The King of the Arctic was kind enough to show himself to us at several occasions. This one is standing on a piece of drift-ice.
And here is a picture from before he walked away from his bed in amongst the stones. He is clearly showing that he is big enough to beat up any of us.:)
Most of the adult bears, just like this huge male, did not like to have humans around them. So most of the bears we encountered turned around and walked away from us. But this one obviously had bad memories from previous human encounters, and ran away as fast as he could.
Some bears were, like this one, more interested in sleeping than for us to bother him. The only problem we had regarding that was that in some of the areas we were supposed to count birds there were bears "everywhere". At most there was up to three or four bears on one island. This did not make our work easy, but we got to do lots of rubber-boat-driving in icy water where the danger was made even bigger by the polar bears lying on land. But that is what makes you a man, isn't it?
The King of the Arctic is looking out over its icy kingdom.
This young bear was posing quite much like a beer-comersial for Mack beer-brewery.
In this picture the bear shows off its huge paws. It was coming closer and closer to where we were, maybe hoping for something to take nibble of?
Polar bears can look remarkably much like dogs when you get to see how they react to different situations.
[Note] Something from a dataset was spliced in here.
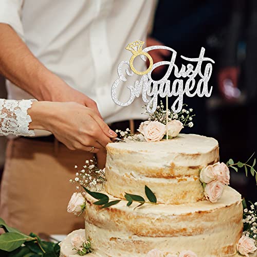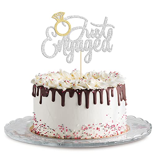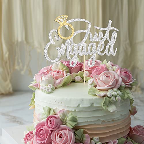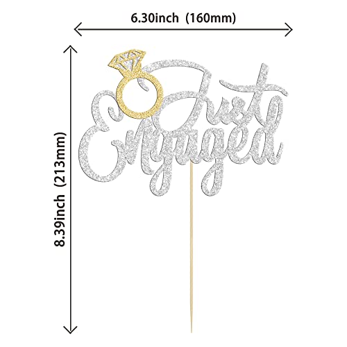 Gyufise 1 confezione Just Engaged Cake Topper Glitter We're Engaged Cake Pick Fidanzamento Decorazioni per feste di fidanzamento nuziali, decorazione per cupcake, forniture per feste, argento

What is that smell? Hmmmm.....
This was the first ever Polar Bear I got to see. The captain called us up on the radio and said; "Eastern team, eastern team! There is a Polar Bear coming in your direction! Where are you. I am coming to pick you up!" Of course this got my heart to speed up it's rhythm, and obviously my polish companion was feeling the same. We took the quickest route which was not going towards the bear. We got picked up by the captain, got back to the boat, and the other team also came on board. After having discussed this allmost-encounter with a Polar Bear we started to get ready to sail away. But just as the anchor was pulled in, we saw the bear coming back. And we all got out our cameras and enjoyed the view of the first bear of the trip. The final number of bears seen on the trip got up to 34 individuals. Which is not a bad number for 15 days.